Garlic Parmesan Baked Shrimp is a 20 minute dinner loaded with butter, garlic, and golden Parmesan, perfect for an easy weeknight meal that still feels special.

If you are searching for easy baked shrimp recipes that taste like something from a coastal Italian kitchen but come together in under 30 minutes, this is the one to bookmark. Garlic Parmesan Baked Shrimp takes raw shrimp recipes easy enough for a Tuesday and turns them into something genuinely special, with a buttery garlic sauce, a blanket of melted Parmesan, and just enough lemon to keep things bright.
This is one of those shrimp recipes for dinner healthy eaters and busy parents both reach for again and again. It is light, protein packed, and naturally low in carbs, but it never feels like a diet meal. One pan, one quick toss, and the oven does the rest.
Before we get cooking, the right tools and ingredients make a real difference here. A good rimmed baking dish helps the garlic butter pool around the shrimp instead of running off the edges, and freshly grated Parmesan melts so much better than the pre-shredded bagged kind. These are the products that genuinely help this recipe shine:
This recipe was built around jumbo shrimp, and there is a good reason for it. Among all the recipes with jumbo shrimp out there, baking is one of the gentlest methods, and larger shrimp give you a few extra minutes of leeway before they overcook. If jumbo is not available, large shrimp work fine too, just shave a minute or two off the bake time.
You can use fresh or thawed frozen shrimp here. If you are working with already cooked shrimp recipes in mind because that is what you have on hand, this dish can absolutely be adapted, just lean on the broiler instead of a full bake so you are warming the shrimp rather than cooking it twice.
Chef's Tip: Always pat your shrimp completely dry before they go into the dish. Excess moisture dilutes the garlic butter and keeps the Parmesan from turning golden instead of soggy.
The method here could not be simpler, which is exactly why this lands on so many lists of cheap and easy dinners for 2 as well as bigger family meals that scale up effortlessly. You whisk together melted butter, garlic, lemon juice, and a little heat from red pepper flakes, pour it over the shrimp, and shower the whole thing in Parmesan. A quick trip to a hot oven, and you are basically done.
A few things make a real difference in the final result:
Ready to make it? Here is the full step-by-step recipe:

Garlic Parmesan Baked Shrimp is a 20 minute dinner loaded with butter, garlic, and golden Parmesan, perfect for an easy weeknight meal that still feels special.

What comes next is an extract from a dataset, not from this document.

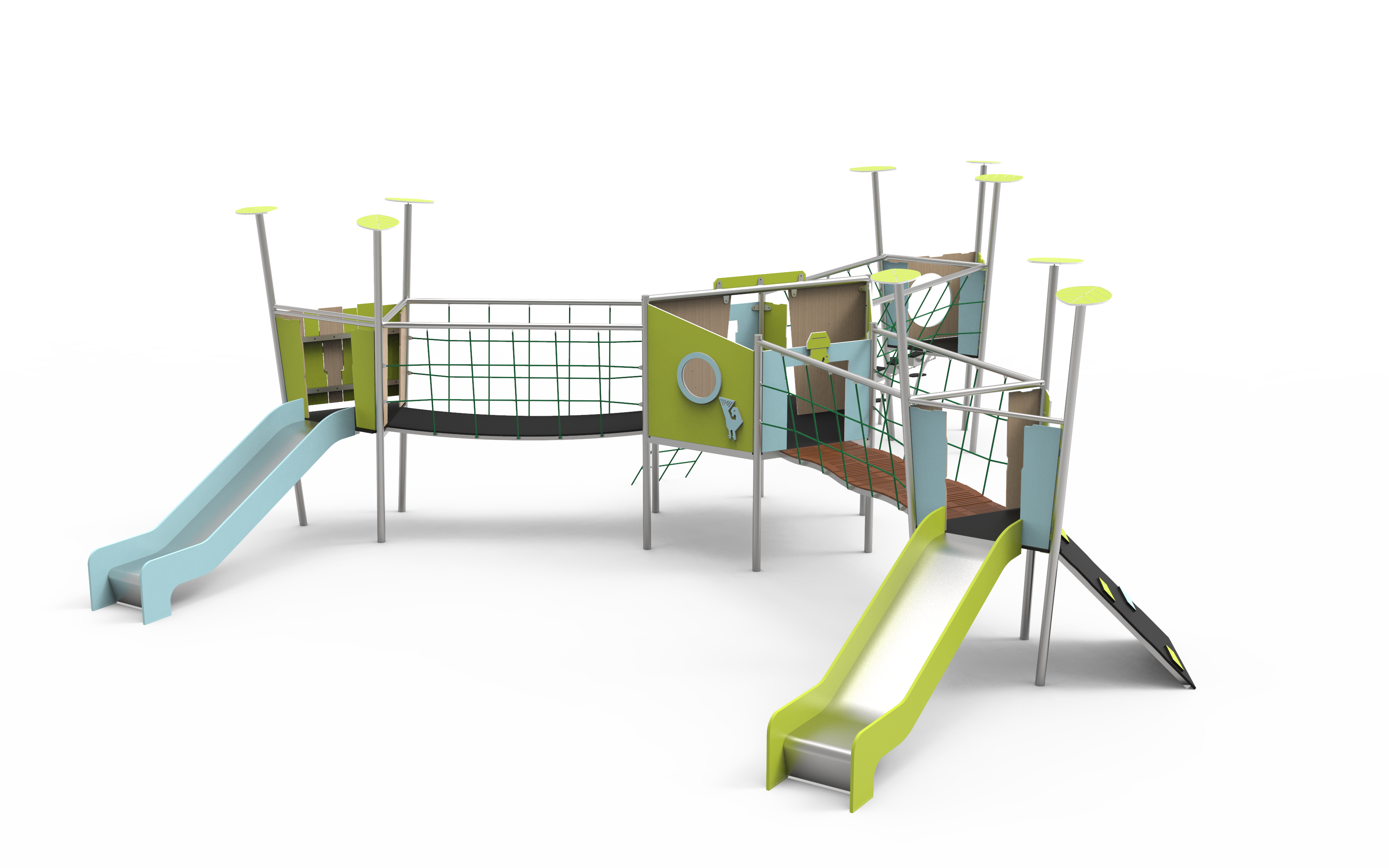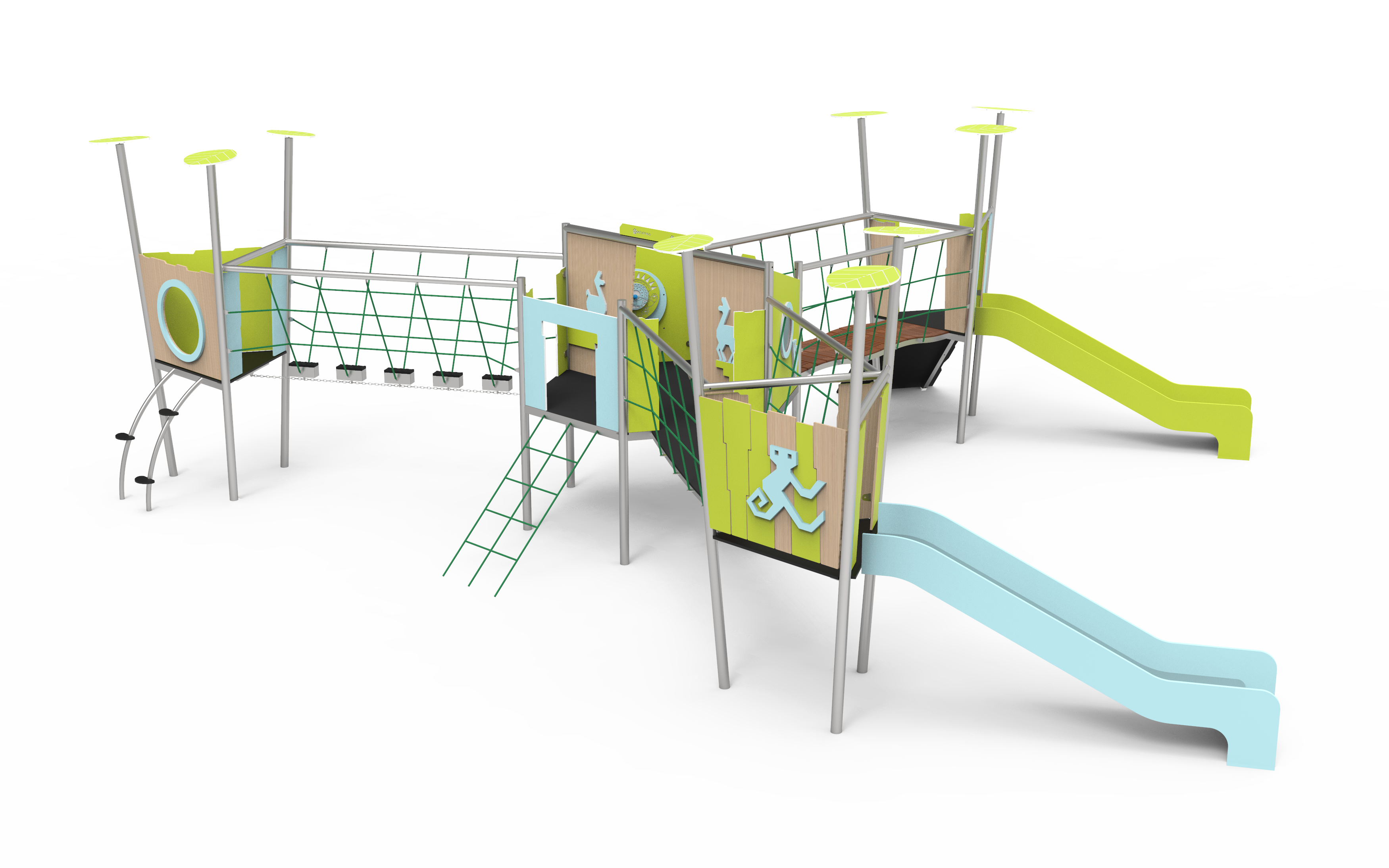 Mønstrene, der er synlige på pladerne og sidepanelerne, er dannet af en CNC-fræser med høj præcision, så udvalget af forskellige formvariationer er uendeligt; skov dyr og plantemønstre optræder her. Tårnene er forbundet med broer af forskellig sværhedsgrad: gummieret HDPE-bro, HDPE-pæle lagt i en bølget linje og dragere forbundet og ophængt med kæder. Disse broer tester dine muskler, koncentration og balancesans.

Preheat the oven to 425 degrees F (220 degrees C) and lightly grease a baking dish.
Pat the shrimp dry with paper towels and arrange them in a single layer in the baking dish.
In a small bowl, whisk together the melted butter, minced garlic, lemon juice, salt, black pepper, and red pepper flakes.
Pour the garlic butter mixture evenly over the shrimp, tossing gently to coat.
Sprinkle the parmesan cheese evenly over the shrimp, then top with panko breadcrumbs if using.
Bake for 10 to 12 minutes, until the shrimp are pink, opaque, and just cooked through.
If you want extra color, broil for 1 to 2 minutes until the topping is golden, watching closely so it doesn't burn.
Remove from the oven, garnish with fresh parsley, and serve immediately with lemon wedges.
This dish fits beautifully into the rotation of shrimp dishes dinners built around fast, fresh flavors. Serve it straight from the baking dish with crusty bread for soaking up every drop of garlic butter, or spoon it over a bowl of pasta, rice, or creamy polenta. For a lighter route, pile the shrimp over a simple green salad or alongside roasted vegetables.
It also works wonderfully as a starter. Set the baking dish in the center of the table with toothpicks or small forks, and let everyone dig in family style. That versatility is exactly why this recipe shows up again and again among shrimp recipes oven lovers search for when they want something that feels like a restaurant appetizer at home.
Leftovers, if you have any, keep well in the fridge for up to two days in a sealed container. Reheat gently over low heat in a skillet, or warm in a low oven, since blasting shrimp in the microwave tends to turn them chewy.
A Quick Warning: Resist the urge to reheat shrimp on high heat or for too long. Shrimp is forgiving the first time it cooks, but very unforgiving the second time around.
This recipe earns its spot among the most reliable shrimp dinners easy enough for a weeknight, yet good enough that no one will guess it only took 20 minutes from fridge to table.